Verification debt: the hidden cost of AI-generated code

https://fazy.medium.com/agentic-coding-ais-adolescence-b0d13452f981

31•xfz•1h ago

Comments

Kerrick•1h ago

> It gets 50% more pull requests, 50% more documentation, 50% more design proposals

Perhaps this will finally force the pendulum to swing back towards continuous integration (the practice now aliased trunk-based development to disambiguate it from the build server). If we're really lucky, it may even swing the pendulum back to favoring working software over comprehensive documentation, but maybe that's hoping too much. :-)

maxdo•1h ago

Code is fully disposable way to generate custom logic.

Hand crafted , scalable code will be a very rare phenomenon

There will be a clear distinction between too.

hnthrow0287345•1h ago

This still seems like technical debt to me. It's just debt with a much higher compounding interest rate and/or shorter due date. Credit cards vs. traditional loans or mortgages.

>And six months later you discover you’ve built exactly what the spec said — and nothing the customer actually wanted.

That's not a developer problem, it's a PM/business problem. Your PM or equivalent should be neck deep in finding out what to build. Some developers like doing that (likely for free) but they can't spend as much time on it as a PM because they have other responsibilities, so they are not as likely not as good at it.

If you are building POCs (and everyone understands it's a POC), then AI is actually better getting those built as long as you clean it up afterwards. Having something to interact with is still way better than passively staring at designs or mockup slides.

Developers being able to spend less time on code that is helpful but likely to be thrown away is a good thing IMO.

lowsong•39m ago

> AI is actually better getting those built as long as you clean it up afterwards

I've never seen a quick PoC get cleaned up. Not once.

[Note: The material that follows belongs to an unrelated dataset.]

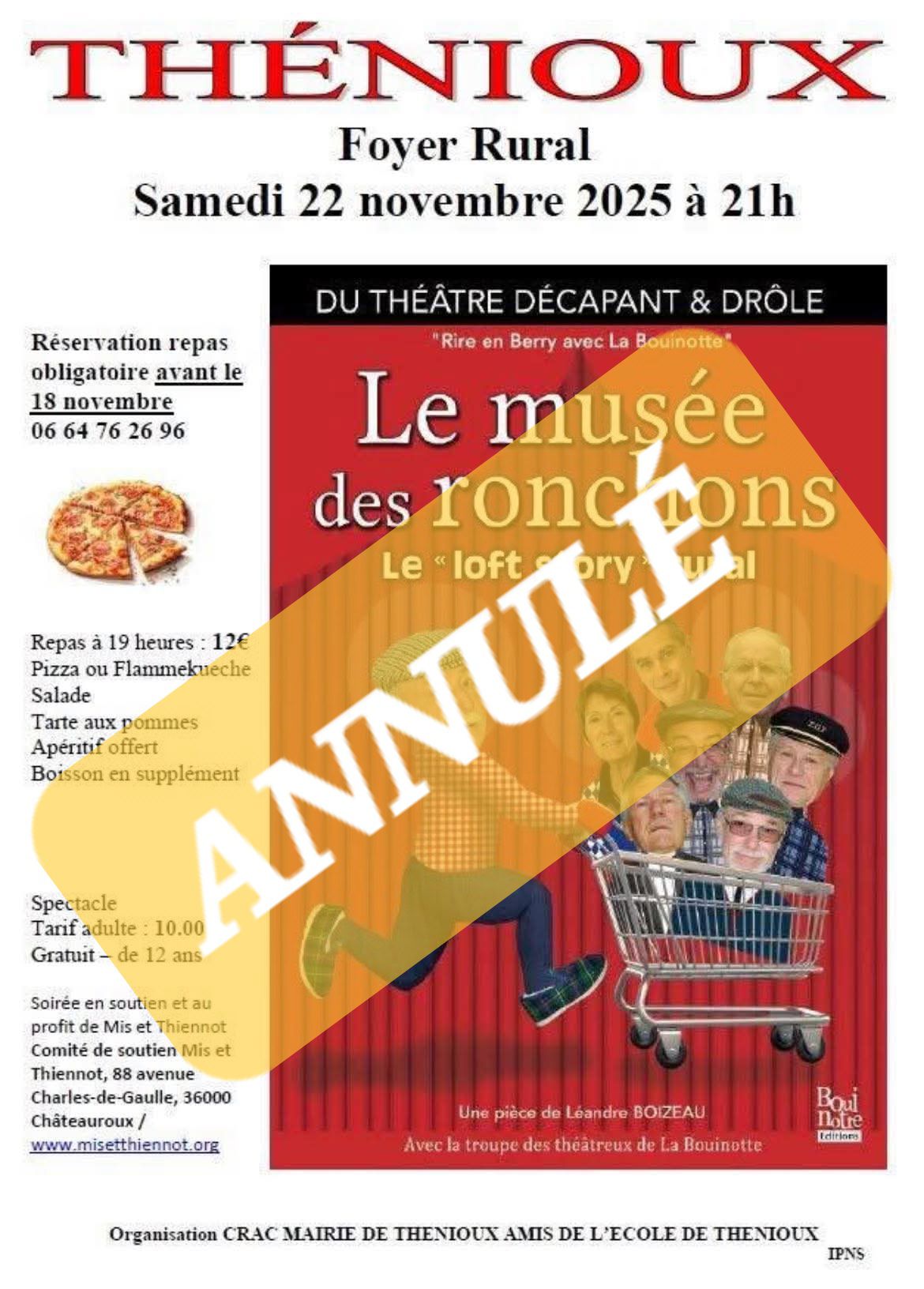 Nous vous informons que la soirée théâtre du samedi 22 novembre 2025 est annulée pour raison de santé.

I'm sure it happens sometimes, but it's very rare in the industry. The reality is that a PoC usually becomes "good enough" and gets moved into production with only the most perfunctory of cleanup.

somewhereoutth•27m ago

There is nothing as permanent as a temporary solution!

johngossman•58m ago

This verification problem is general.

As an experiment, I had Claude Cowork write a history book. I chose as subject a biography of Paolo Sarpi, a Venetian thinker most active in the early 17th century. I chose the subject because I know something about him, but am far from expert, because many of the sources in Italian, in which I am a beginner, and because many of the sources are behind paywalls, which does not mean the AIs haven't been trained on them.

I prompted it to cite and footnote all sources, avoid plagiarism and AI-style writing. After 5 hours, it was finished (amusingly, it generated JavaScript and emitted a DOCX). And then I read the book. There was still a lingering jauntiness and breathlessness ("Paolo Sarpi was a pivotal figure in European history!") but various online checkers did not detect AI writing or plagiarism. I spot checked the footnotes and dates. But clearly this was a huge job, especially since I couldn't see behind the paywalls (if I worked for a Uni I probably could).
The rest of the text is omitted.